* WORK INSTRUCTIONS
Exact reproduction is required for the lines below starting at the line with "This is to inform" and ending at the line with "明 钧窑天蓝釉海棠式花盆四(内部) 美国哈佛艺术博物馆藏", both included. No other lines, and no pictures.

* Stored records
◇ ◇ ◇ ◇ ◇

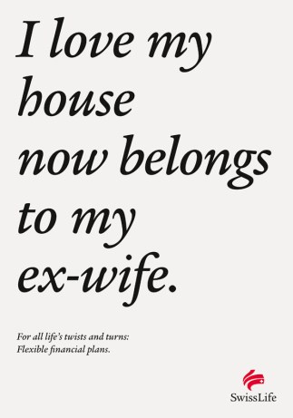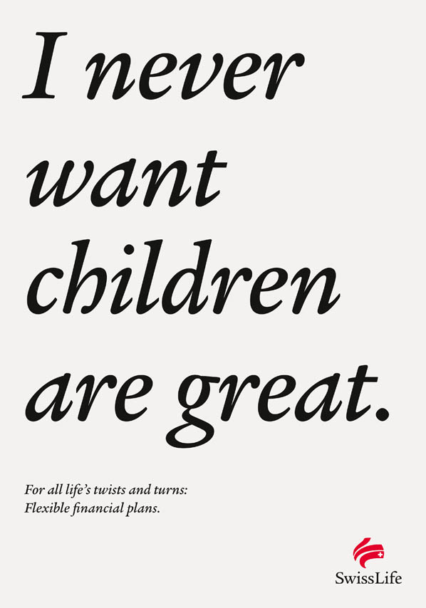 Spillmann/Felser/Leo Burnett i Sveits har laget denne fantastiske annonse serien. Enkelt men tankevekkende. Et mesterverk fra en tekstforfatter. Swiss Life er et forsikringsselskap og viser her frem livets buktninger og bråstopp og helomvendinger. Noe som kan være nyttig å forberede seg til. All ære og Hill, hill til tekstforfatteren her.
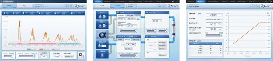LC-Forte/R-IIは、分取HPLCの機能に加えてガラスエンプティカラム、フラッシュクロマトグラフィー用カラムなども存分にご使用いただけるよう設計・ソフト開発した装置です。
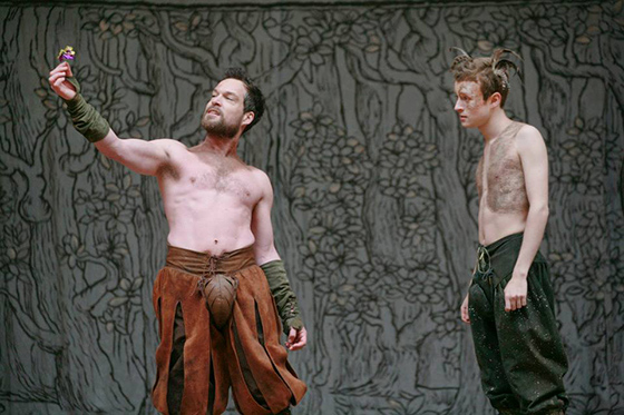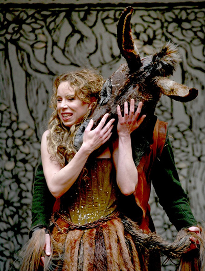 Волшебный лес в этом «Сне» оказывается языческими кельтскими дебрями: никаких мотыльковых эльфов и малюток-фей — только рогатые и пернатые существа в звериных масках, облаченные в кожу и мех. Король Оберон (Аден Джиллетт), конечно, неутомимый охотник, но и решительная Титания (Джейни Ди), знаете ли, далеко не бабочка. Немного дионисийства еще ни одному театру не повредило. Превратившийся в осла Основа (Тревор Фокс) идеально вписывается в эту дикарскую компанию. Став парнокопытным, он не утратил страсти к преувеличенной жестикуляции самодеятельного Актера Актерыча, но самым смешным его трюком, пожалуй, остался кроткий жест, когда Основа понимающе сдвинул длинные ослиные ушки, чтобы они как-то пролезли в венок, которым венчали его голову. Вот эти неожиданные тонкости в нарочито грубоватом спектакле, вероятно, смешат более всего.
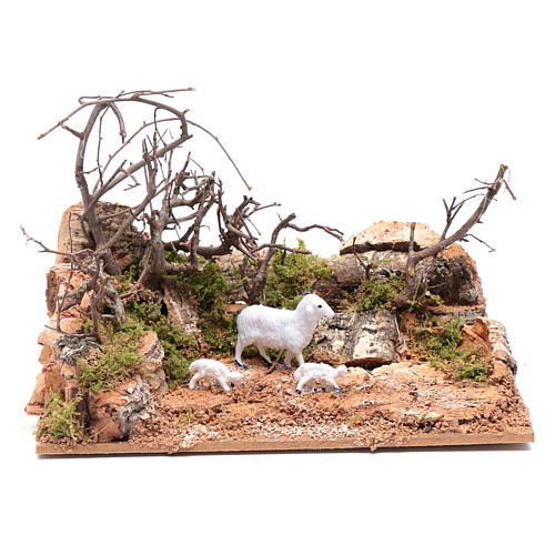 Krippenszenerie, Landschaft mit Schafen, Maße: 13x20,5x14 cm.
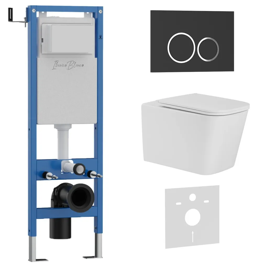 Комплект 3в1 IBERICA BLANCA инсталляция SILENCIO MINI, унитаз TOLEDO ALTO белый, кнопка смыва ESTI-O черный матовый арт-IB.001M.TLA.234.822
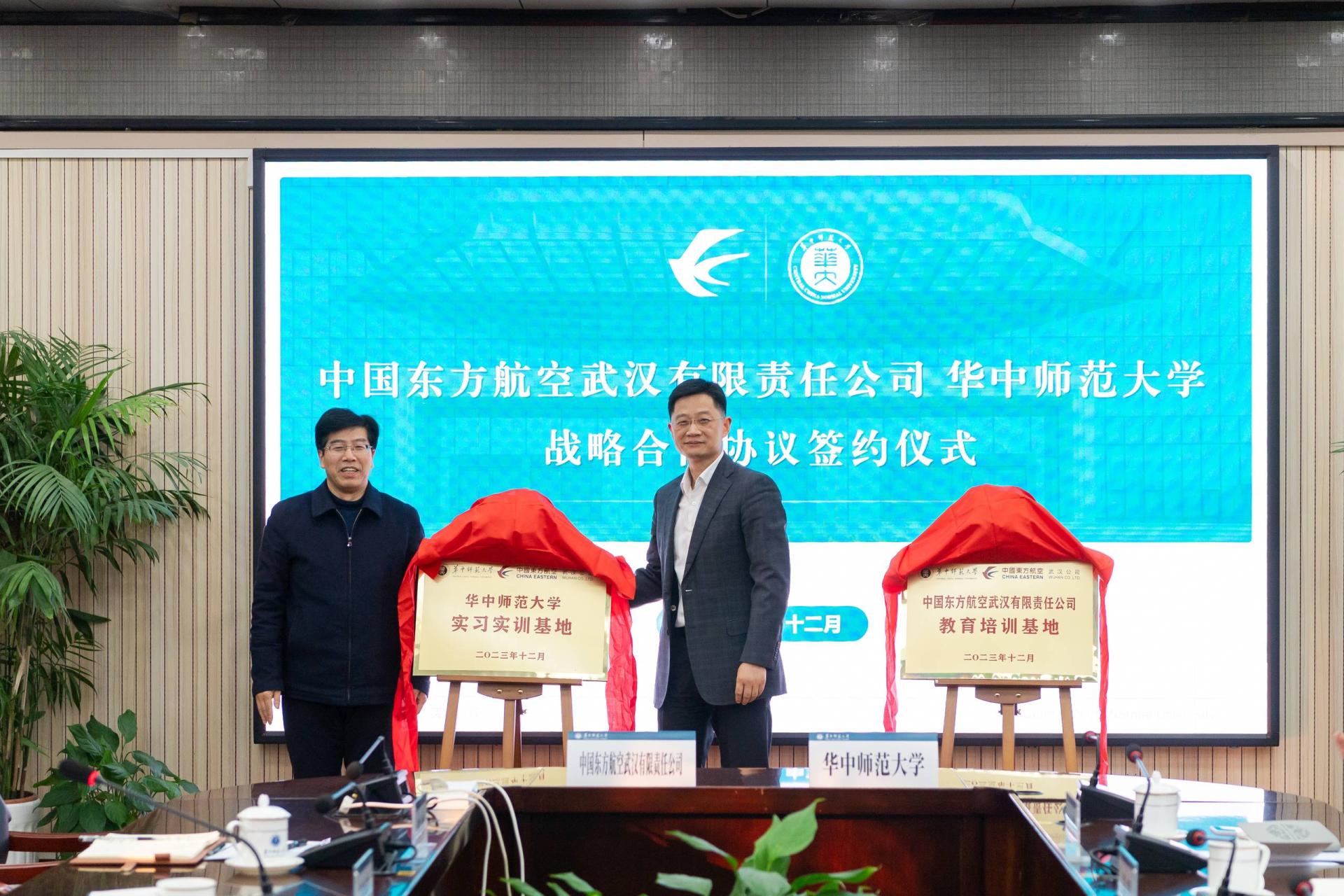 李良斌与彭双阶代表双方单位为中国东方航空武汉有限责任公司教育培训基地、安博站官网登录入口_安博(中国)实习实训基地揭牌。
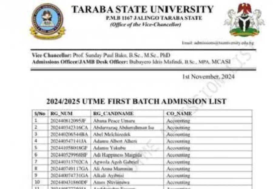 This is to inform the General Public that the Management of Taraba State University (TASU) has officially announced the release of the UTME First Batch Admission List for the 2024/2025 Academic Session.
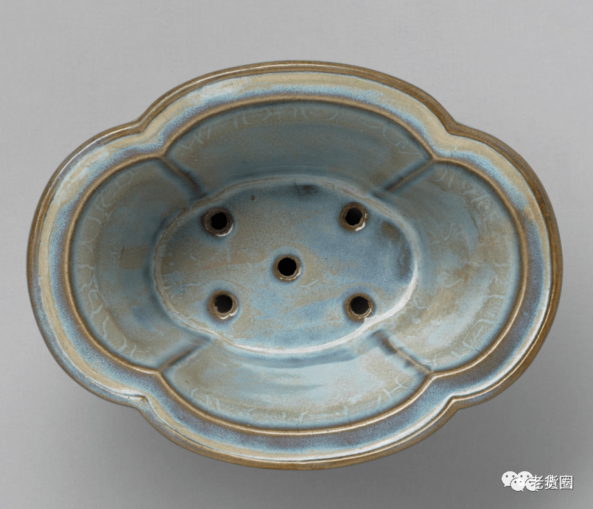 明 钧窑天蓝釉海棠式花盆四(内部) 美国哈佛艺术博物馆藏
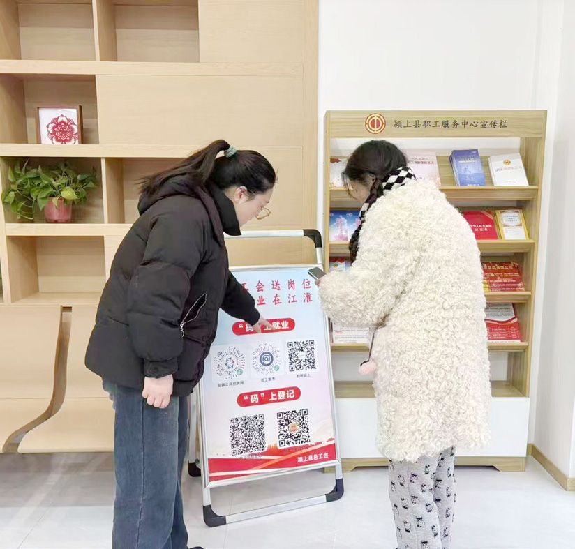 长期以来,求职者在求职过程中常常面临信息获取不及时、休息场所不足等问题。颍上县总工会敏锐捕捉到这些痛点,充分发挥工会驿站作用,与人力资源市场深度融合,为求职者提供全方位、一站式服务。县总工会在工会驿站张贴“码”上就业和“码”上登记二维码,求职者拿出手机扫描二维码便可轻松获取最新招聘信息。同时,工会驿站里还设有专门的就业服务咨询台,工作人员随时为求职者解答就业政策、岗位信息、职业规划等方面的疑问,帮助他们更好地了解就业形势和市场需求。

◇ ◇ ◇ ◇ ◇

* COMPLETED TASK
 This is to inform the General Public that the Management of Taraba State University (TASU) has officially announced the release of the UTME First Batch Admission List for the 2024/2025 Academic Session.
 明 钧窑天蓝釉海棠式花盆四(内部) 美国哈佛艺术博物馆藏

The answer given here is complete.